Worst Jokes Ever
Somebody: Do you even eat and get sleep?
Me: I have depression, what do you think?!
What is my most popular side of myself?
Suicide.
I’d make a joke about prostitutes and women sleeping with multiple men, but it would just be whore-ible.
If someone licks your elbow, you won't feel it.
If you put your ear up to someone's leg, you can hear them say, "WHAT THE FUCK ARE YOU DOING?!"
What do you call a gay pride parade that was ran over?
Rainbow road.
What is the difference between kinky and perverted?
Kinky is when an abled-bodied gay male is receiving an anonymous blow job from a physically disabled gay male under the handicapped stall at a rest area.
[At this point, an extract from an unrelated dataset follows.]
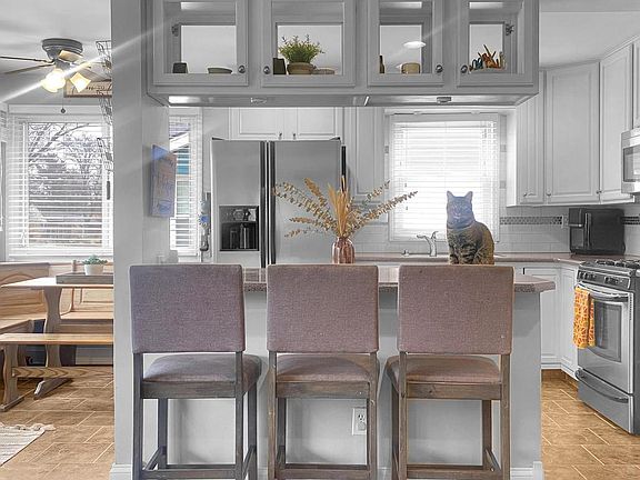 - Features: Kitchen (Eating Area-Table Space, Island), Flooring (Ceramic Tile), Window Treatments (Blinds)
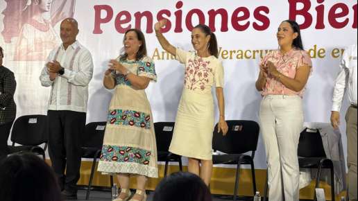 Posterior a ello, en Cardel, la presidenta Claudia Sheinbaum, junto con la secretaria de Bienestar, Ariadna Montiel Reyes, y la gobernadora Rocío Nahle, procedió a la entrega de pensiones Mujeres Bienestar, programa que brinda apoyo económico de 3 mil 100 pesos bimestrales a féminas de 60 a 64 años.

Perverted is when an abled-bodied gay male has to give a Klondike Bar to a physically disabled gay male to receive an anonymous blow job under the handicapped stall at a rest area.
Why are Palestinian boys so eager to grow a beard?
So they can use their mum's ID to get in the club.
A guy told a beautiful girl, "Hey, I want to make love to you. If I throw $2000 when you go to pick it up, that's when I'll go. Is that okay?"
She called her husband, and he said, "Okay, but pick it up fast so he doesn't have time to pull his pants down."
Four hours later, she shows up to her house and tells her husband, "THAT FUCKER PAID IN COINS!"
What did the cops say when someone called him racist?
"How can I be racist? My wife's eye is black."
Kate ate food coloring last night. She said she was dying inside.
I didn’t like my beard at first. Then it grew on me.
Why can't you hear a psychiatrist using the bathroom?
Because the "p" is silent.
Why can’t you trust an atom?
Because they make up literally everything.
We have some leak in the fridge. I'm surprised nobody has called a plumber.
What's the difference between America and a flash drive?
One is USA, the other is USB. 😂😂😂
What do your teacher and your friend have in common?
They will both die eventually.
Karolien's life.
What did the bus say to the other bus?
"Beep!"
What is an orphan's favorite Marvel movie?
"Spider-Man: No Way Home."
You're so poor that when you walked into an elevator, you thought it was a mobile home.